So, here's the problem..
if you do this:
class x(object):
def __init__(self):
pass
why would you explicitly call init in child class to access parent class attribute? (class y has class x attribute anyway.)
class y(x):
def __init__(self):
x.__init__(self)
Cheers.
Edit:
I read this article https://linuxmeerkat.wordpress.com/2015/04/28/why-you-should-use-super-in-python/, it says "In real life we tend to run the initializer for every parent class. This is simply because of how program designs tend to be. In our simple example a way to solve this is to explicitly call the initializer of A:" Could someone please explain?
The fact is that in python there is a clear distinction between class and instance attributes:
Attributes declared in the class body, outside any method, are class attributes, they are the same for each object of that class and are the ones that are inherited by the subclasses. Be aware of the fact that doing instance_obj.class_att = something doesn't change the value of the class attribute, but simply creates an instance attribute and hides the shared class attribute for that object.
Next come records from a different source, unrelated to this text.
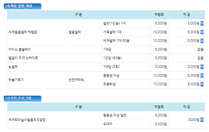 아래의 2023 체험 가격표를 확인하시면 더욱 도움되실 것 같습니다.
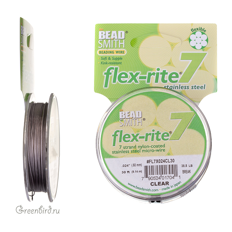 Ювелирный тросик, размер: 0.024'' (0.60 мм), цвет: серебристый тросик, покрытый прозрачным нейлоном. Выдерживает вес до 9 кг. Цена указана за 1 катушку 30 футов (9,14 метров).
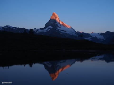 山頂が赤く染まるマッターホルンの朝焼けも見られるかも・・・heart
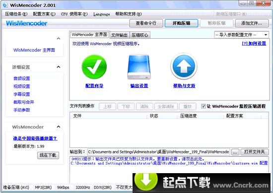 按照您計算機的CPU選擇一個文件,將mencoderXX改名為mencoder之后就可以點WisMencoder.exe運行WisMencoder了。本壓縮包內(nèi)默認適合于奔騰四、迅馳以及之后出的CPU。
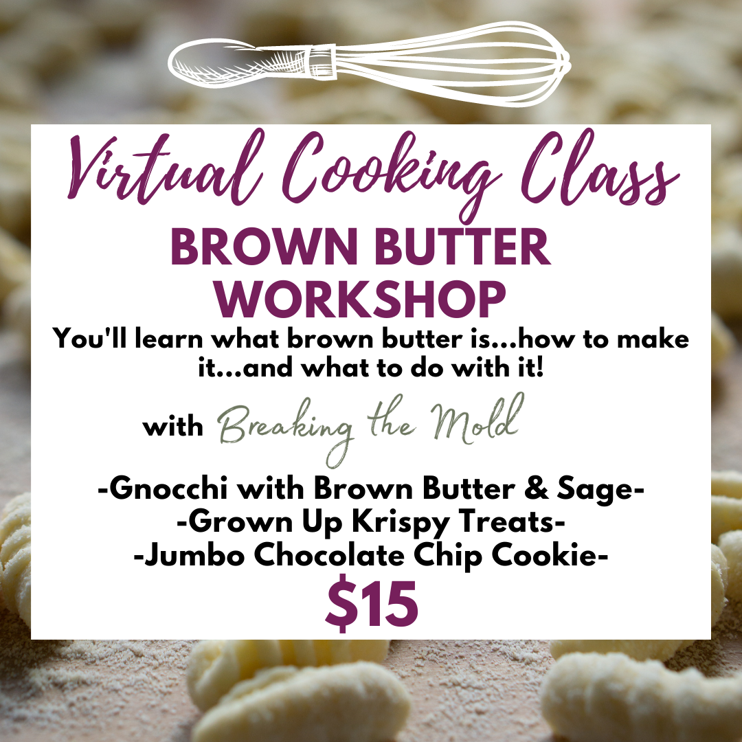 VIRTUAL LIVE CLASS with Chef Lauren of Breaking the Mold. Learn what a game changer brown butter is, how to make it & what to do with it.
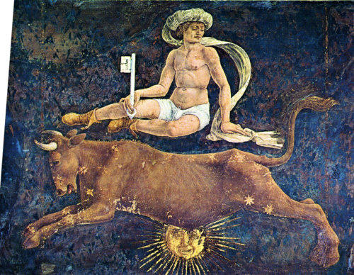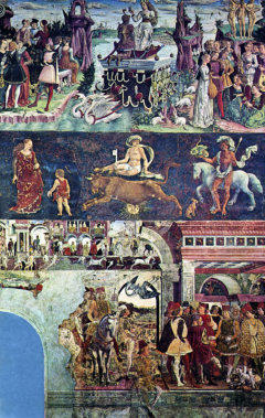 la vie de cour sous Borso d’Este ; au milieu les signes du zodiaque qui correspondent à chaque mois, entourés par 3
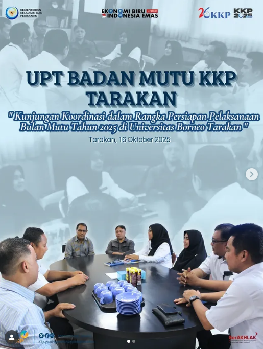 Kamis, (16/10) - Kegiatan Sinergi antara Badan Mutu KKP Tarakan dan Universitas Borneo Tarakan (UBT) semakin erat melalui koordinasi persiapan kegiatan "Goes To Campus". Bulan Mutu BPPMHKP ini akan menjadi platform untuk mensosialisasikan pentingnya peningkatan mutu di sektor kelautan dan perikanan. Melalui kolaborasi ini, Badan Mutu KKP Tarakan bertekad mengedukasi generasi muda mengenai standar mutu demi kemajuan sektor kelautan dan perikanan di masa depan.
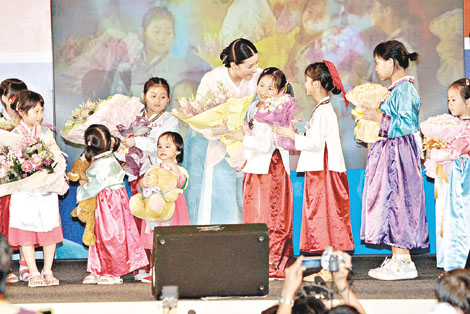 萬眾期待的李英愛,身穿韓服于三時(shí)十五分到場(chǎng),現(xiàn)場(chǎng)觀眾紛紛站起來,搖著手上的紙扇歡迎她,又以韓文高呼“我愛你”。她走紅地氈進(jìn)場(chǎng)時(shí),除了一直保持笑容,還向觀眾揮手及握手,令觀眾情緒十分高漲。她在后臺(tái)逗留了十分鐘,到三時(shí)廿五分才上臺(tái),即時(shí)以廣東話向現(xiàn)場(chǎng)巿民打招呼:“大家好,你好嗎?我系李英愛!比珗(chǎng)立時(shí)歡呼,她繼而用韓文道:“多謝大家在這里,希望大家學(xué)大長(zhǎng)今的精神,祝大家健康快樂!彼终f好開心跟大家近距離親密接觸,希望大家繼續(xù)愛她支持她,又以廣東話說:“多謝!多謝!”

Instance attributes are the ones that are declared with syntax instance_obj.att = something, they are not shared between instances and are the most similar thing to non-static attributes that you have in other programming languages and they are usually created in the init method.self is just a convention to indicate the instance object automatically passed to methods.
Here's an example:
class MyClass:
c = 1 #class attribute, the subclasses will inherit this
def __init__(self):
self.i = 1 #instance attribute
MyClass.c #access attribute c of class MyClass
MyClass.i #error! MyClass has no attribute i
x = MyClass() #calling __init__ creates instance attribute i for obj x
x.i #access instance attribute i of object x
x.c #access class attribute c of class MyClass
x.c = 2 #hide MyClass.c and create instance attribute c for obj x
x.c #access instance attribute c of obj x
So, to sum up, doing:
class y(x):
def __init__(self):
x.__init__(self)
is useful because if the base class would have been something like this
class x:
def __init__(self):
self.i=1
you would have not been able to access the attribute i from any instances of y simply because they would not have it.
Instead of calling to the init function explicitly, you should use the super() method instead.
In python 3.0+, you can jusy use:
class y(x):
def __init__(self):
super().__init__()
In python 2.7 or under, use:
class y(x):
def __init__(self):
super(self.__class__, self).__init__()
super() lets you avoid referring to the base class explicitly.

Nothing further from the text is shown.